Award-winning wine writer, James Flewellen, and Cordon Bleu-educated cook and food journalist, Jonell Galloway, present wine and food tasting masterclasses in the historic French city of Chartres. Comprising dedicated wine tastings, sumptuous meals made from local ingredients paired with regional Loire Valley wines and a unique, “sense-awakening” taste experience, our food and wine holiday courses will help unlock your taste buds and introduce the richness of aromas, flavors and textures present in food and wine.

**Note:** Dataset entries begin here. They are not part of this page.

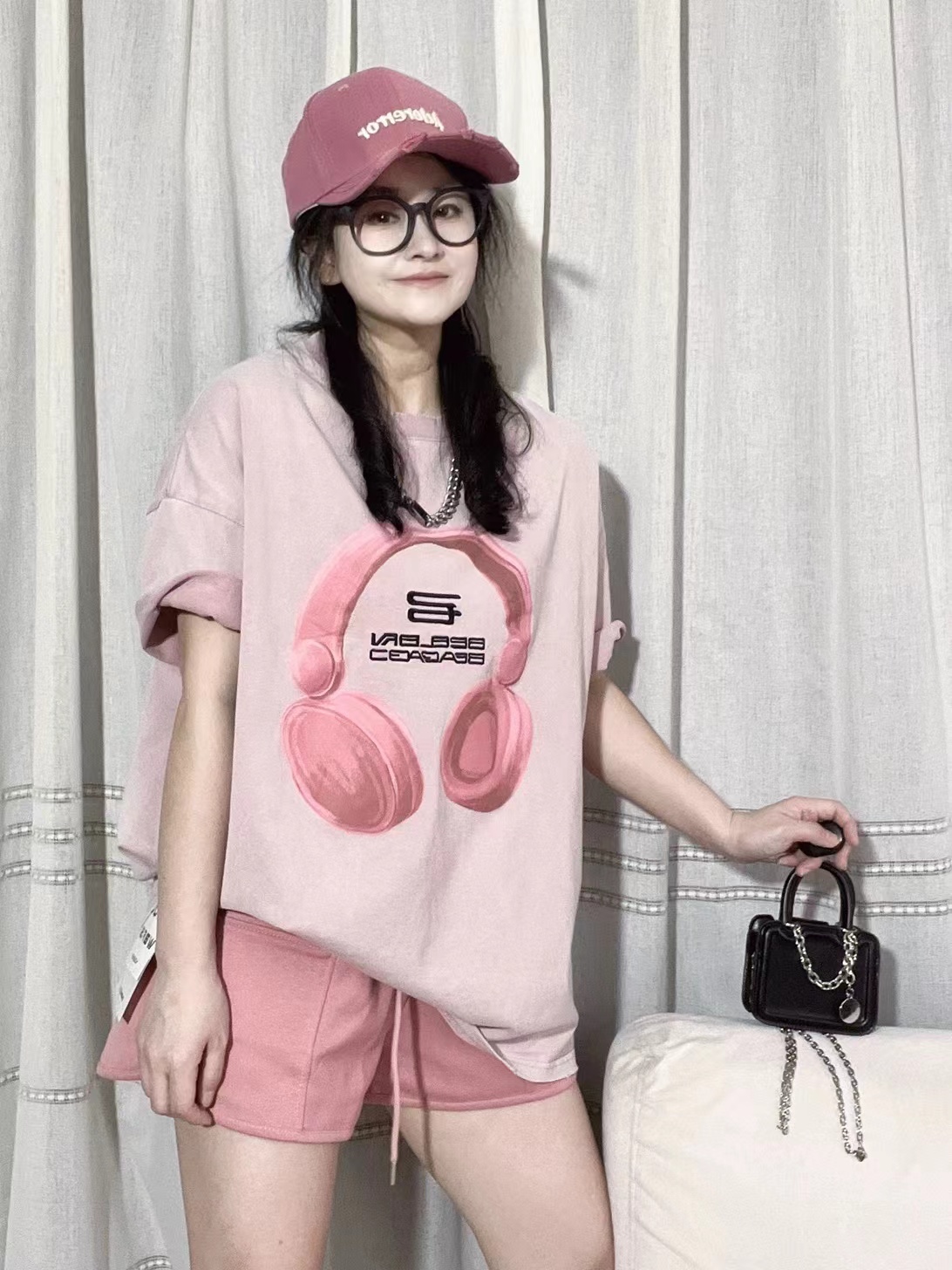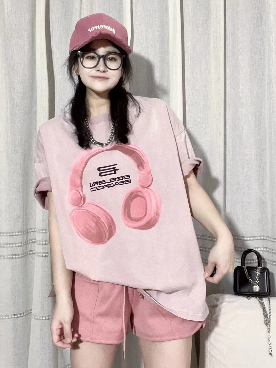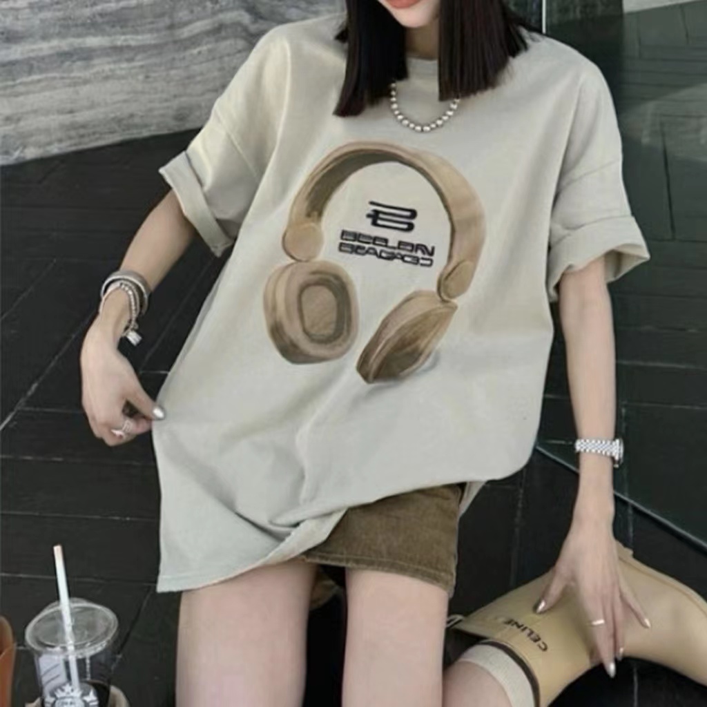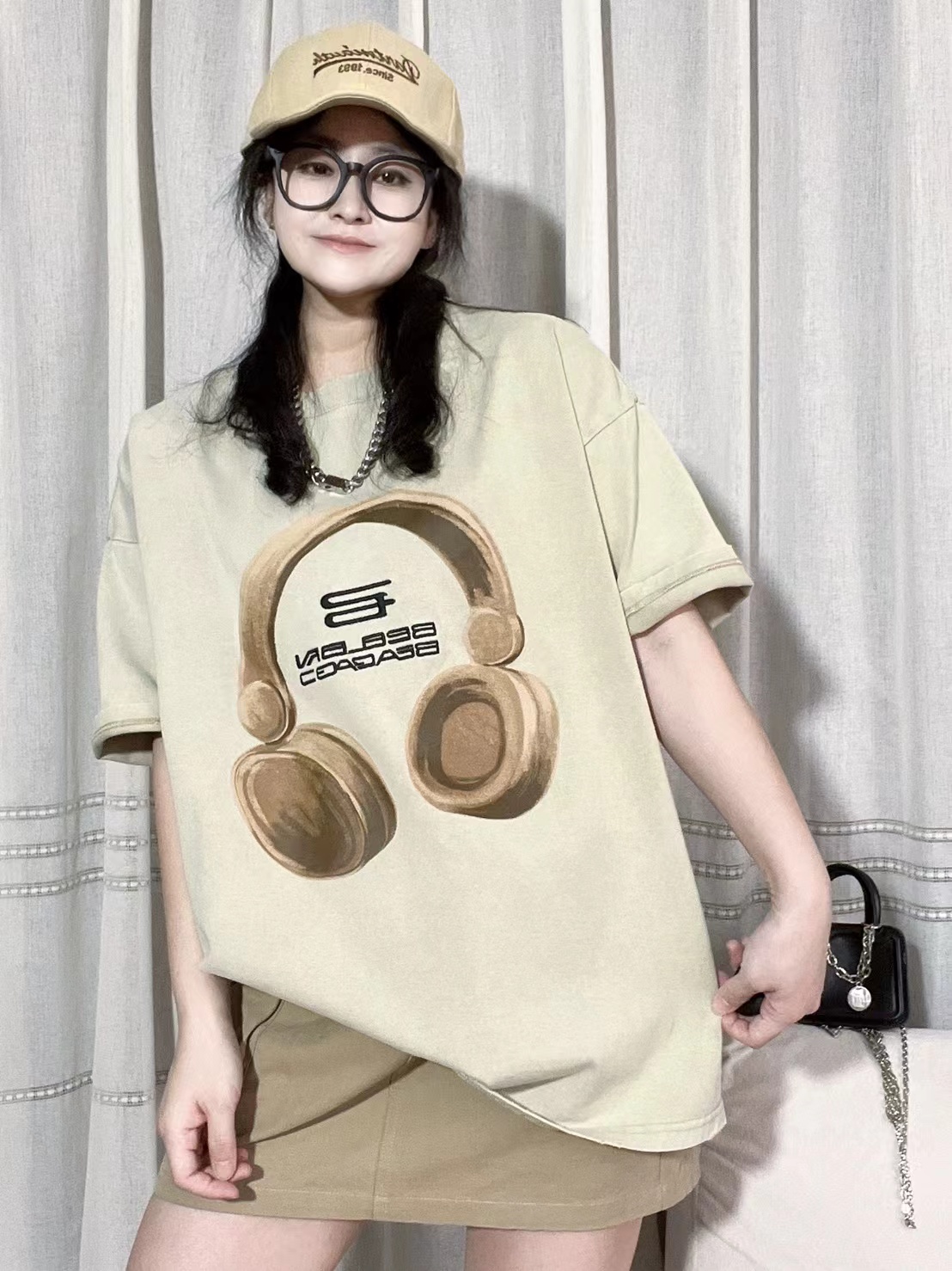 PF3893#街头潮牌个性耳机印花正肩T恤女夏季无性别穿搭做旧简约时髦短袖
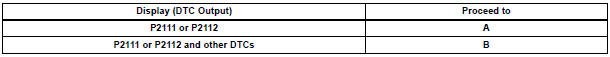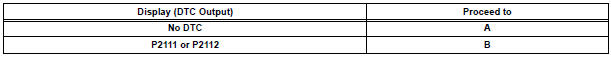 HINT: If any DTCs other than P2111 or P2112 are output, troubleshoot those DTCs first.
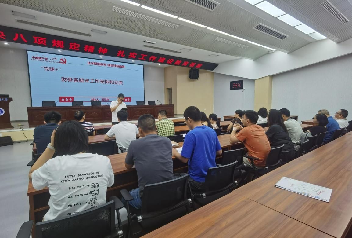 2025年6月20日下午,OK138太阳集团教工二支部与财务系教师在明德楼1019会议室开展主题党日暨教研活动。本次活动以“深入贯彻中央八项规定精神 扎实工作助力教育强国建设”为主题,旨在强化党员纪律意识,深入学习教育强国理念,并推动期末工作的有序开展。
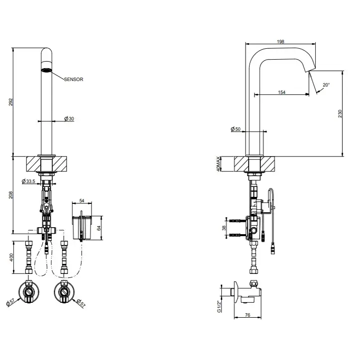 Gessi 316 Flessa Встраиваемый смеситель с изливом 20-18 cм, цвет: warm bronze brushed PVD 54094#726
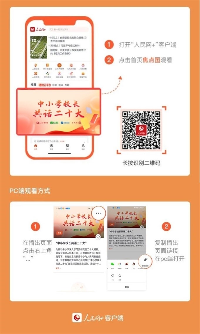 5月12日起,“人民網(wǎng)+”客戶端推出“中小學(xué)校長共話二十大”專題節(jié)目,每日11:00上新,圍繞黨的領(lǐng)導(dǎo)、鑄魂育人、教育改革、教育公平、強師興校等話題述成績、言感悟、談現(xiàn)狀、話未來,切實把黨的二十大精神轉(zhuǎn)化為辦學(xué)治校、教書育人的實際行動。讓我們一起傾聽全國百位中小學(xué)校長共話二十大,共同描繪教育事業(yè)發(fā)展的新藍(lán)圖。
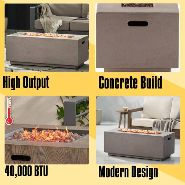 40 in. 40,000-BTU Rectangular MGO Outdoor Patio Fire Pit Table in Light Grey
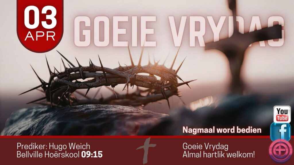 https://youtu.be/JNna4tj4BUI Tema: Wie moet die geveg begin? Heb 12 Gebed: Die lewe is nie aldag ‘n maklike pad nie - ‘n geveg – het sy uitdagings; ons worstel met persoonlike goed, ons stry teen die vlees, ons word moeg en uitgeput..... – Here kom leer ons vandag – kom gee ons nuwe moed – Kom …
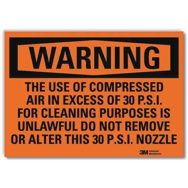 Warning Sign, 7 in H, 10 in W, Vertical Rectangle, English, U6-1232-RD_10X7SKU G2713980Categories SafetyDescription Warning Sign, Vertical Rectangle, Number of Printed Sides 1, English, Sign Format Traditional OSHA, Sign Legend The Use Of Compressed Air In Excess Of 30 P.S.I For Cleaning Purposes Is Unlawful Do Not Remove Or Alter This 30 P.S.I. Nozzle, Sign Legend Background Color Orange, Sign Legend Style TextgraingerSKU: 35KN63, mscSKU: , zoro_no: G2713980, mongo_id: 65bbe7379a749db82272555f
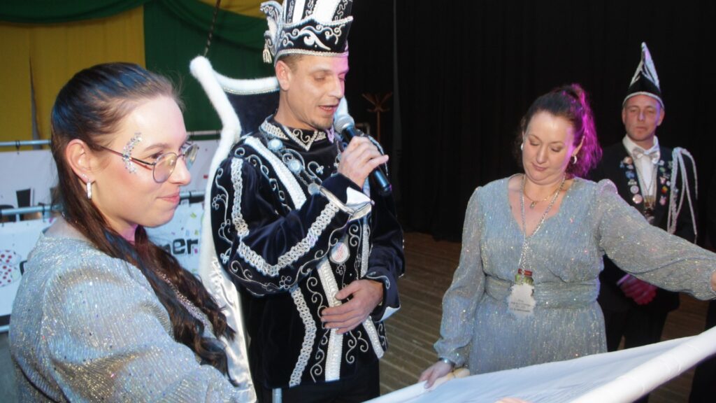 Leuth – Tijdens een sfeervolle en drukbezochte pronkzitting in De Vriendenkring in Leuth is Ricardo Menting op zaterdagavond 18 januari 2025 gepresenteerd als de nieuwe Prins “Ricardo d’n Hendige” van CV de Sokkenummers. Voor een bomvolle zaal nam Ricardo met trots de scepter in handen samen met Hofdames Chantal & Patty en Adjudanten Fabian & Johan.

  • Courses conducted in English
  • All lunches, dinners, and wine included
  • We use only the highest quality, locally-sourced produce and ingredients
  • Over 10 hours of professional food and wine tasting instruction
  • Taste over 20 (4-day course) different wines from the Loire Valley
  • Learn the art of food and wine pairing
  • Dine and learn in a 1,000-year-old converted chapel
  • Socialize with like-minded wine- and food-lovers
  • Experience the atmosphere of the Chartres Festival of Lights in a UNESCO World Heritage site
  • Guided city tour & collection from the station included

Click here for more details.

Dates for our 2017 masterclass are now confirmed:

  • Our signature 4-day Taste Unlocked masterclass costs €695pp and runs from 14–17 September, coinciding with the world-famous Chartres Fête de la Lumière.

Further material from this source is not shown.